Perhaps you remember the “But wait! There’s more!” line from the Ginsu knife ads. Or maybe you recall anxiously searching for the “prize” in the cereal box. Companies often add special “free” features to enhance the perceived value of their products. Similarly, pharma/biotech and medtech manufacturers offer value-added services — patient and provider education, disease management programs, and patient assistance programs are common examples. From the payer’s perspective, some of these “companion services,” as we will call them, add value to the product, while others subtract value.
When value is added
When a manufacturer-sponsored service lowers payers’ costs, it adds value. But payers need to believe this is the case, and their beliefs typically are rooted in experience or evidence. It is not enough for a manufacturer to say, for example, that a service can boost patient or provider adherence. Payers may rely on previous experience with similar promises when considering the merits of the offer. Or, when an intermediate outcome like improved adherence aligns with a payer’s goals or yields other benefits it values (e.g., lower costs, greater member satisfaction, or higher performance on reporting measures, particularly those associated with financial incentives and disincentives), a payer may welcome evidence that the service can actually move the needle.
For example, some medications are associated with medical cost offsets. Payers want their members to take these medications, and patient assistance programs can help some patients afford them. When lack of affordability has a negative impact on adherence, then payers welcome manufacturer support. Other manufacturer-led support services can help some patients use products correctly or work through issues associated with the condition and/or the product, avoiding inadvertent misuse of the product or unmanaged problems like side effects that can generate additional costs. In these cases, payers think supportive services can truly add value.
When value is subtracted
When payers don’t think a manufacturer-sponsored companion service adds value, then, by definition, it subtracts value. Huh? To payers, the cost of an unwanted service would be better used to lower the product’s acquisition cost. And when payers value a service but prefer to build or buy a similar service, then the manufacturer-sponsored service subtracts value. This is especially true if the payer believes its own build or buy options are more impactful and/or bias-free.
Even when payers value a service and appreciate that a manufacturer adds it to the product offer, things can still go south during implementation. Something that should be relatively simple, like re-ordering materials, may look good on paper, but if it creates delays and causes frustration, a manufacturer’s hard-earned trust can be quickly lost. Payers have an easier time recalling manufacturers’ failures than their successes. Not surprisingly, trust in a manufacturer can encourage adoption of a value-added service, but prior adoption is needed to build trust — a chicken-and-egg problem for manufacturers.

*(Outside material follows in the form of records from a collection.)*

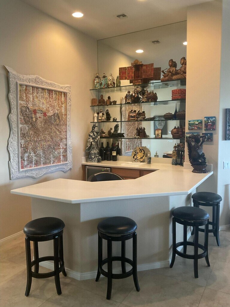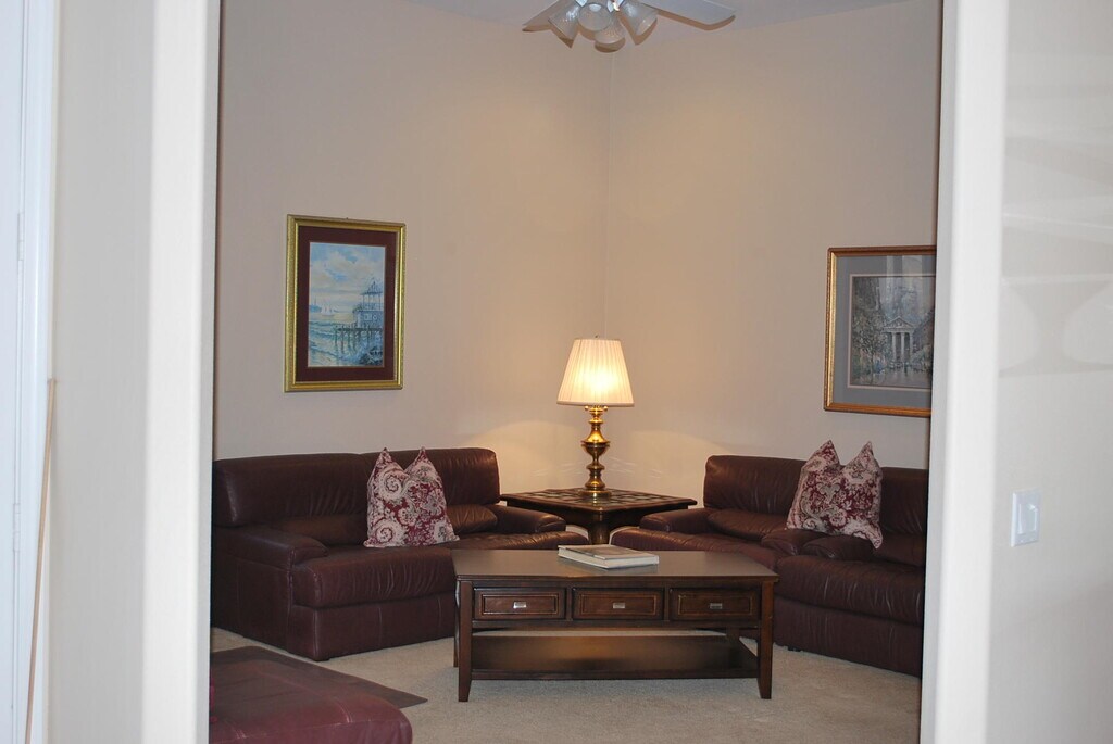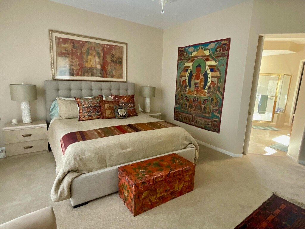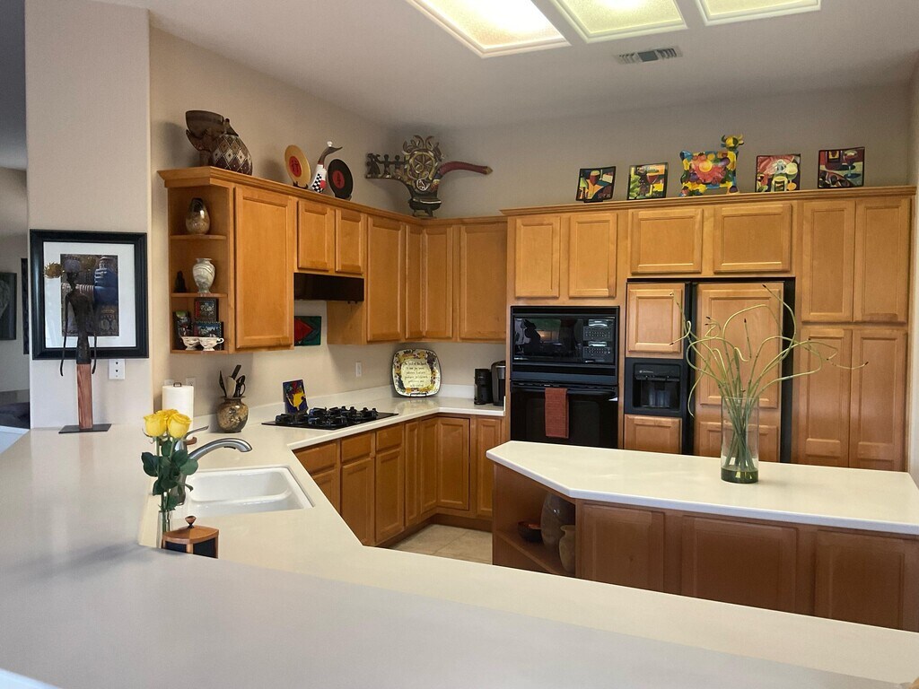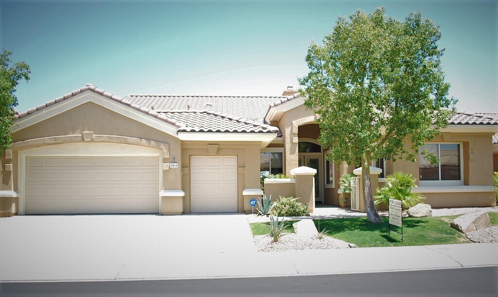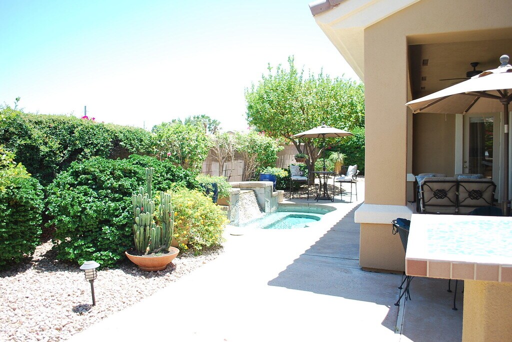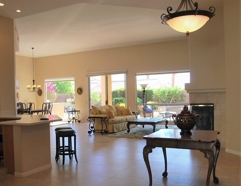You will feel instantly at home when you enter this spacious and inviting 2 bd/2.5 bath + den 2,561 sq. ft. St. Tropez floor plan home. With high ceilings,open floor plan,salt water waterfall spa,privacy galore,and 5 min. walk to golf course. This gracious fully furnished Sun City home offers the very best of the desert. resort living! The large entry way opens to the living room,corner fireplace and dining room with walls of windows showcasing the backyard. There is a large gourmet kitchen and separate bar area perfect for entertaining. The backyard features BBQ & salt water spa with waterfall. King master suite has a suite bath with dual sinks,soaking tub,large shower and walk-in closet. The queen bedroom has private bath,and the study may be used as a bedroom. Garage has built-in storage and separate place to park your golf cart. This highly sought after 55+ community has 2 golf courses,2 fitness centers,2 restaurants,5 community pools/spas,many amenities for perfect desert resort living. Cap on gas & electric of 200.00 per month..
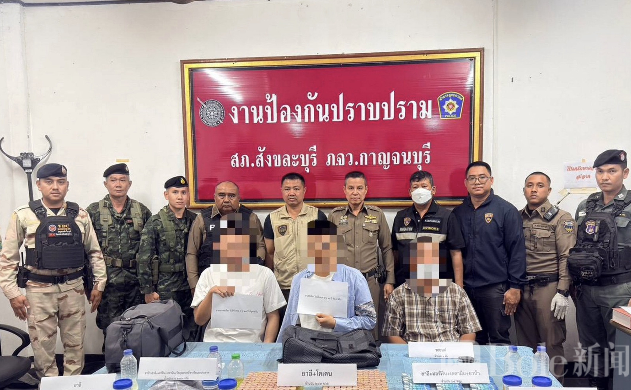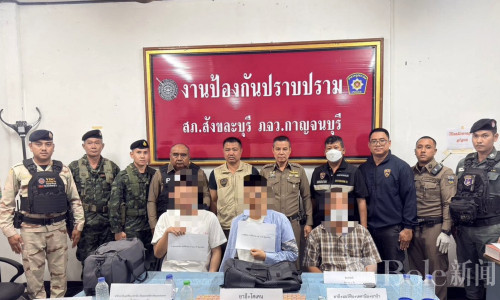Bole新闻专讯:泰国安全部门近日在西部边境展开联合行动,一条疑似横跨中国、柬埔寨、泰国与缅甸的贩毒链条被当场拦截。执法人员现场缴获多种毒品,估值超过300万泰铢,3名涉案人员被捕,其中包括两名中国籍男子。
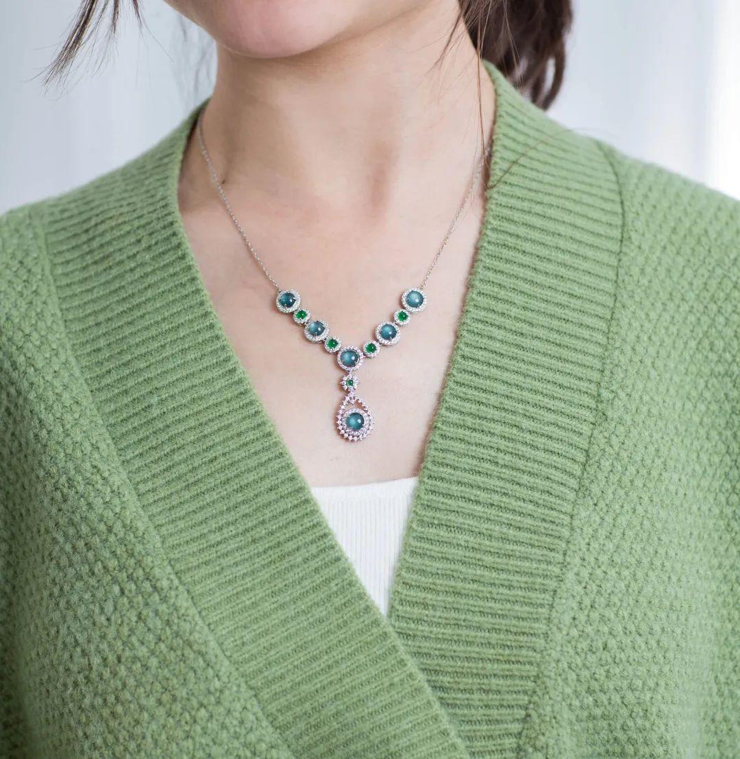 顆顆翡翠蛋面飽滿,在光下的實拍,冰透感和膠感都掩蓋不住呼之欲出,佩戴在頸肩起到畫龍點睛的效果。

When payers value a companion service and it is implemented well, then value can still be subtracted when the service is discontinued, particularly if support ends sooner than expected. Tennyson’s adage “’Tis better to have loved and lost than never have loved at all” is at odds with some empirical evidence. Consider a study that showed that nursing home patients who were given a plant to care for or who had regular interaction with an animal had better outcomes than a control group without these benefits. However, a follow-up study of the same population showed that after the experiment ended and lost the added benefits, outcomes for the treatment group were worse than both their baseline and the control group! Payers are generally risk averse and will shy away from services with uncertain sustainability.
And to be clear, even when a payer believes a companion service works as intended by the manufacturer, misalignment with a payer’s goals will result in rejection. If, for instance, the service increases utilization when the payer’s goal is to decrease utilization, then in the eyes of the payer, the service subtracts value. The same is true if the payer has a fundamental dislike of the product — if so, then the payer won’t like the companion service, either.
A balanced equation
Manufacturers need to identify which services a payer wants, and which of those they want from manufacturers. If a payer is open to a manufacturer-provided service, manufacturers then need to figure out how to build and execute it in a way that meets the payer’s needs and measure its success in a convincing way.
Alternatively, manufacturers can keep it a bit simpler by bringing to market products that payers value (versus me-toos), providing convincing evidence of the clinical and economic value of their products, and pricing products fairly based on their value. Payers are savvy enough to know when a companion service is being fronted as a substitute for lack of these attributes.
In general, payers simply want manufacturers to focus on their core products and not value-added services. That said, real-world use of some products can produce failures that manufacturers can help to address, providing welcomed opportunities to enhance the value of those products. Payers’ valuations of products can be challenging, and adding a companion service to the mix can complicate these valuations. Here and elsewhere, payers are curators of manufacturers’ offers, selecting some and rejecting others based on somewhat predictable criteria interacting with the market context.